Organisms interact on four levels: individuals make up a population, populations make up a community, communities make up a biom, and bioms make up the biosphere. Any community of living things interacting with its environment is an ecosystem. And the important thing to remember is that since all parts of an ecosystem are interrelated, each part is affected by all the other parts. Therefore, if one part is changed in any way, all the other parts will be changed too, and equilibrium – the balance between opposing physical forces – is lost. That’s why human interference, in a misguided attempt to “manage nature,” has often such a negative impact on the environment.

To appreciate ecosystems we need to understand their two major components: habitat and niches. The habitat of an organism is the place in which it lives. Think of it as the “address” of the organism. The niche of an organism is its total role in the natural community. Think of it as its “job” or “occupation.”

Organisms in an ecosystem may be linked in feeding relationships, called food chains. Clover is food for the groundhog, the groundhog in turn is food for the fox, and a larger predator eats the fox. This is known as the food web: who eats who defines an ecosystem. Some food chains are quite long, but many are just simple, let’s say wheat > mouse > owl.
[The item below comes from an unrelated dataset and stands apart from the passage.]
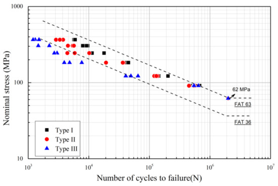 In this study, the welds of lap fillet joints were fatigued to two types: weld root and weld toe. In the IIW 2008 specification [23], there is a double lap fillet joint shape similar to the shape of the weld joint in this study. According to the IIW 2008 specification, FAT 36 was satisfied when weld root fracture occurred and FAT 63 was satisfied when weld toe fracture occurred. In this study, FAT 36 was satisfied when weld root fracture occurred in the type I and II specimens but FAT 36 was not satisfied in the type III specimen owing to weld defects. FAT 63 was satisfied when the nominal stress of fatigue failure at the weld toe was 92 MPa.
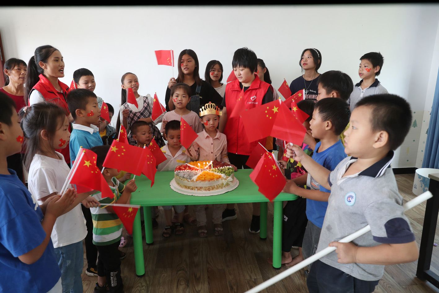 10月1日,在廣安市廣安區(qū)官盛鎮(zhèn)羊角村的假日學(xué)校活動(dòng)室,黨員志愿者正在為留守兒童趙鑫瑞慶祝生日,與其他留守兒童一道手舞小國旗共唱《生日快樂歌》。

Then there are the feeding relationships in which organisms help provide food for other organisms without being eaten or killed themselves. These are parasitisms, mutualisms and commensalisms. Parasitism is a relationship between two organisms in which one benefits and the other is harmed (parasite and host). Mutualism is a relationship between two organisms in which both organisms benefit (lichen and fungus). Commensalism is a relationship in which one organism benefits and the other neither benefits nor suffers (“Old Man’s Beard” lichen and spruce trees).

Nature is full of examples that can teach us about the mysteries of life. Take a chicken egg, for example. From shape to content, every feature of it is an example of perfection. The egg’s shape is its strength. Its five principal parts provide the entire life support system for the developing bird. The egg shell is porous, allowing moisture to evaporate and oxygen to replace it. The shell membrane on the inside of the egg consists of two layers close to each other, except at the larger end of the egg where they separate to create an air pocket, which does not yet exist when the egg is laid. The egg white contains many crucial proteins, stores water and offers insulation from sudden changes in the outside temperature. The yolk is a mixture of suspended proteins, fats and carbohydrates. The germ – the most important part – is a pinhead-sized blob on top of the yolk that developes into a new chick. No single part of the egg is superfluous, everything exists to protect and nourish the developing life within.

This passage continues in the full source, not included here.